Core Gameplay Systems

People approach laying the foundations for system design in different ways. Some focus on frameworks like SDT or MDA, others map out gameplay loops, or write detailed feature breakdowns. Each method has its merits - it all depends on the designer and the needs of the project.

For this document, my goal is to communicate the vision: the experience of play, not the psychology behind engagement or a theoretical breakdown of why each feature works. Applying the lenses of various design methodologies - Self-Determination Theory being one that I personally focus on - will be a continuous part of the design process, not something that serves to communicate the player-facing fantasy.

Here, the focus is on grouping the major systems and defining their place in the player’s journey - understanding what role each plays in delivering the intended fantasy. These descriptions form the foundation for designing the mechanics that will bring those systems to life.

These definitions will guide my decisions as I move into prototyping, ensuring each system reinforces the intended player experience.

Inspirations and References

These sections aren’t intended to be an in-depth market analysis. Their purpose is, once again, aligned with the vision of this document - it’s about defining the game’s identity.

The references and inspirations listed here are works I’ve personally enjoyed and appreciated. Each has influenced this concept in some way. They execute certain ideas or features exceptionally well, and analysing them helps inform my own designs - showing how other developers solve feature-specific problems and how players expect particular interactions and interfaces to work.

Market Comparison

This section identifies games that share similarities in setting and systems - titles with emergent narratives, tactical turn-based gameplay, party systems, and a grand journey structure within a fantasy world.

Studying these games helps ensure that this concept maintains a distinct identity - something unique to offer within its genre space.
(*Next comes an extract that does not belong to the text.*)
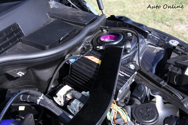 ![]() ▲渦輪大小維持原廠並未更換,持壓設定在1.5bar,初估最大馬力為220hp。至於動力部分,Mini Clubman Hampton Cooper S搭載一顆1.6升渦輪增壓引擎,在引擎內部未加強化前,車主將增壓值微微提升持壓1.5bar,增壓值提升最大隱憂原廠點火與供油沒辦法一起跟進,所以特地加裝AEM外掛電腦來修改點火與供油曲線,選擇AEM外掛電腦Tuner不需要拆解原廠電腦來修改晶片,只需要利用跨接線路的方式,不拆解原廠電腦自然就不會有保固上的問題。 ![]() ▲選擇AEM外掛電腦來修改點火與供油曲線, Tuner不需要拆解原廠電腦來修改晶片,只需要利用跨接線路的方式。![]() ▲換裝JCW排氣頭段、AK Downpipe、Quicksliver中尾段,讓排氣能更順暢,引擎的聲浪也在換裝中尾段之後更加明顯。![]() ▲碳纖維集氣罩加上引擎蓋上的集風罩,提升進氣順暢與流量,能有效地吸取冷空氣,增壓值提高後維持良好的引擎燃燒效率。![]() ▲原廠以全黑色調基底搭配以Damson Red滾邊並以精緻橘紅色縫線的真皮座椅,包覆性差了一點,車主還未有想更換賽車椅的念頭。
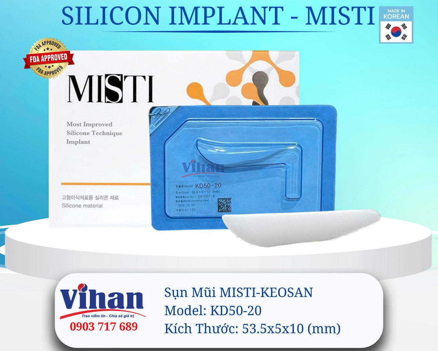 Sụn nâng mũi MISTI KEOSAN KD50-20 được thiết kế dành cho các trường hợp cần nâng sống mũi rõ nét, tạo dáng mũi cao thanh thoát nhưng vẫn đảm bảo sự hài hòa tự nhiên.

They represent not the entirety of the competition, but those most similar in experience and therefore the most important to diverge from.

They also provide valuable reference points for understanding player expectations - what players drawn to this kind of fantasy and gameplay enjoy, dislike, and anticipate from new titles.

Conclusion

This post was about defining the vision - clarifying what the game is, what it aims to make players feel, and how its systems support that experience. The next step is to begin prototyping: developing the specifics of each system, testing their interactions, and translating the concept into something tangible. From here, the focus shifts from why these systems exist to how they come to life.